> _WHAT IS REQUIRED_
Would you write out the lines below exactly, from the one containing "米海軍艦載機 F/A-18E スーパーホーネット" to the very last, but without the pictures?

> _RECORDED INFORMATION_

───

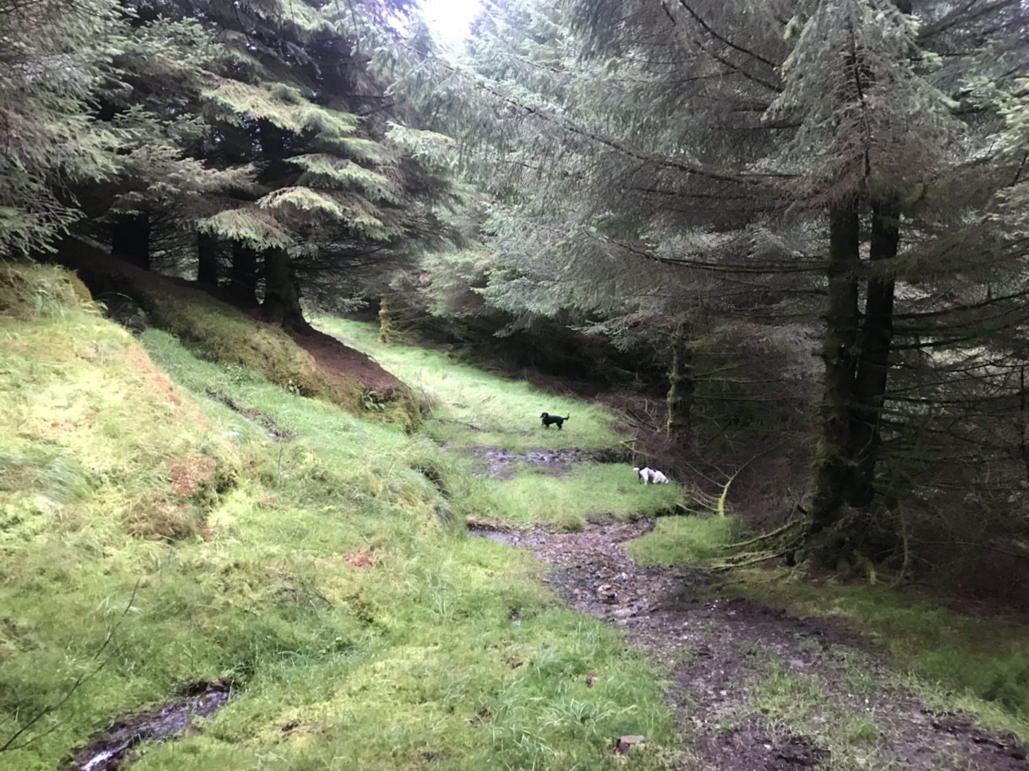 At the end of the road there is a quad track that replaced the firebreak that once existed. This terminates eventually, you leave this by dropping down crossing a wee burn and sucking under a fallen tree. Continuing along the break, a trodden path is evident in parts. Once you reach a burn running across the path you cross it and start climbing through the forest or burn side ( keeping it on the left ).
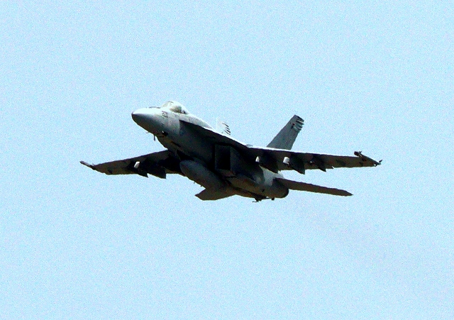 米海軍艦載機 F/A-18E スーパーホーネット 戦闘攻撃機(岩国基地)、NF、202番機が離陸 |
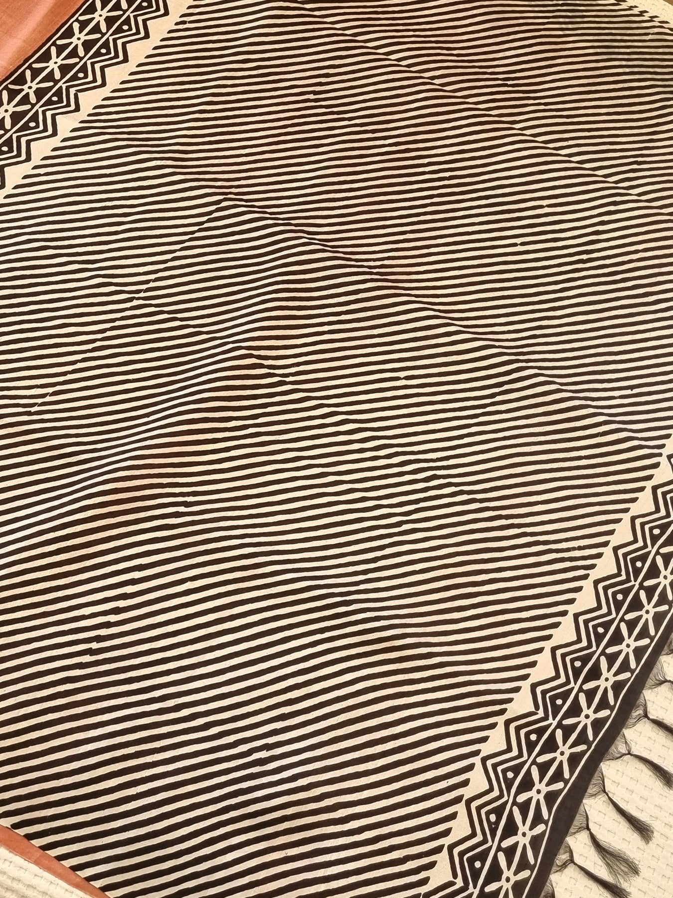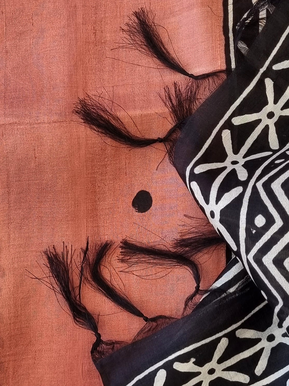 Handloom Murshidabad Half and Half Silk Saree with Block Prints beautifully finished with tassels

───

> _PROBLEM SOLUTION_
 米海軍艦載機 F/A-18E スーパーホーネット 戦闘攻撃機(岩国基地)、NF、202番機が離陸 |
 Handloom Murshidabad Half and Half Silk Saree with Block Prints beautifully finished with tassels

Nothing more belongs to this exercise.